I would suggest that part of the key here, maybe a very big part, is the issue the OP mentions about "interruptions." Reminds me of my cat, who has an uncanny sense of timing, where he's eager to get up on my lap and sprawl purring just at the point where I need to reload, and I have to dump him off and go reload, and his feelings are hurt.

Also, I used to have a friend who was always thinking of things she had to attend to right away, so just in the middle of my unburdening myself of either a damn good story or some issue that was really bothering me, would suddenly remember she hadn't watered the house plants, and would leap up to attend to it while calling over her shoulder from the kitchen where she was running the water, "I'm listening!"

Long way of saying that I wonder if the fiancee doesn't feel confident that the OP is giving her his full attention often enough, which is a larger issue than than the stove(s) but particularly exacerbated and exemplified by the stove tending.

IOW, my guess is that the issue is exactly what she says it is, and the stove tending is the easiest and most obvious trigger she can talk about.

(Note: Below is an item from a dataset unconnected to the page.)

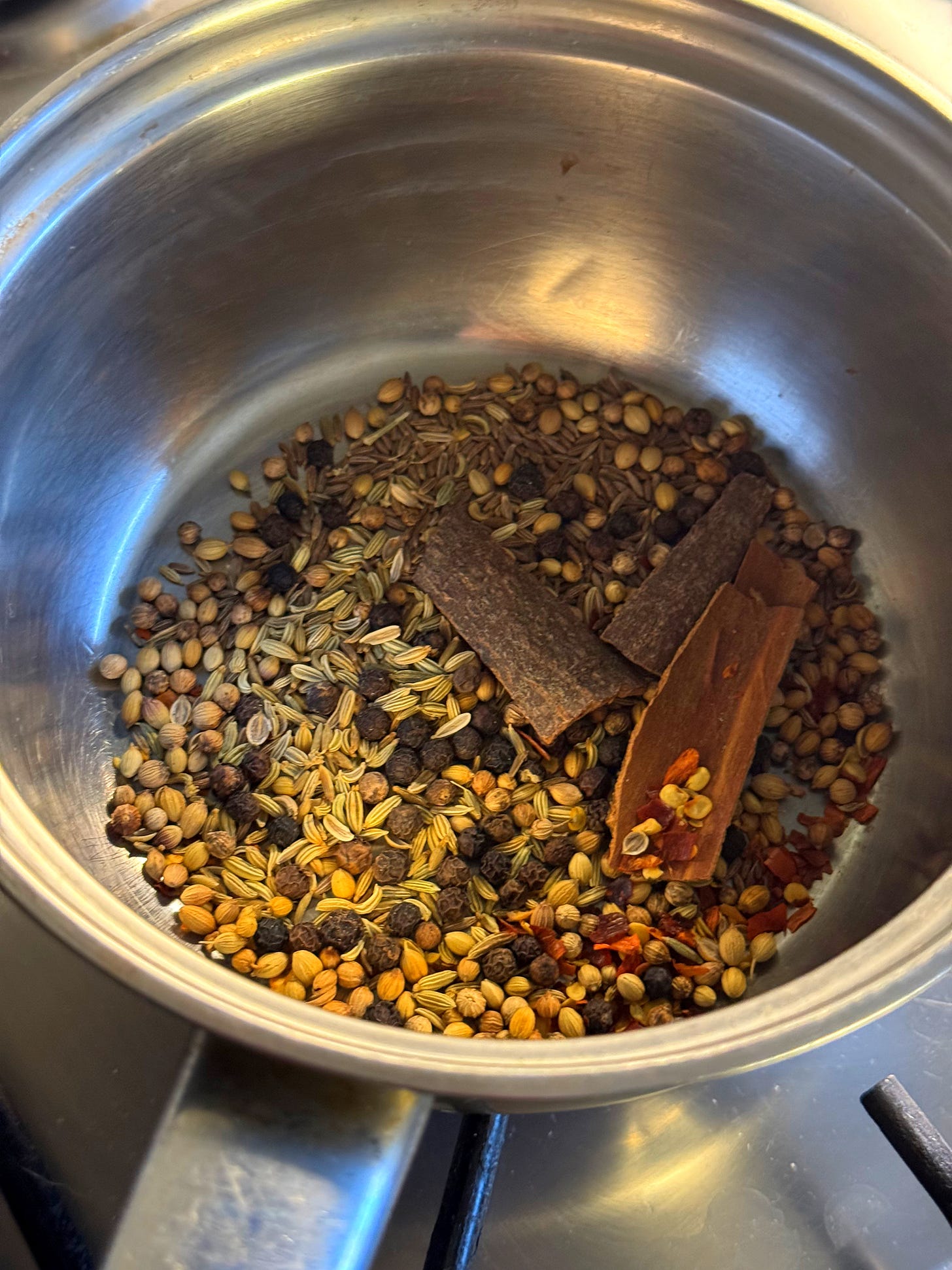 In the meantime, toast the spices. Place a small pan onto medium-low heat. Add the 2 tsps black peppercorns, 2 tsps cumin seeds, 2 tsps fennel seeds, 2 tsps coriander seeds and 1 cinnamon stick. No oil is needed. Gently toast the spices until fragrant, about 2-3 minutes, then tip them into a bowl and set aside.

I'd actually suggest the OP get that book from some years ago out of the library "Men are from Mars, Women are From Venus" and spend some time with it. It's not an issue of "emotion versus logic," as the poster above says, it's a case of different priorities in a relationship and the way they're signaled.
 
We were over at some friend's house and I was talking with the husband about getting firewood. He mentioned he just recently had been over at another family's house where him and his son were helping them cut and stack firewood. While we were talking about this his wife who happen to be listening, piped up that she couldn't understand why so many people waste there time with all this firewood stuff, and that it seemed like a lot of unnecessary work. I guess from her point of view it made sense since her husband was the breadwinner in the family, and she was a stay at home wife. They didn't heat with wood, but if they did she could see that it would likely have some effect on her work load at home, however the fact that her husband's income was being gouged by big electric heating bills didn't really seem to mater to her.
Something we have to remember is that there is only a very small percentage of people that wood heating appeals to, most people would like to think we have progressed past such a primitive way of heating our homes. It's kind of like hunting, some people are really into it, but most people would rather go to the supermarket to get their meat. There's not many people who really want to go out and actually shoot and gut their own chicken or cows, and even fewer wive's who would be happy if you brought home a dead chicken, threw it on the counter and said, "There you go Honey, pluck n gut that, and cook it up for supper".
Probably a lot of women see wood burning the same way, you bring home a bunch of dusty old logs, cut em up and say, "There ya go honey, heat the house with that."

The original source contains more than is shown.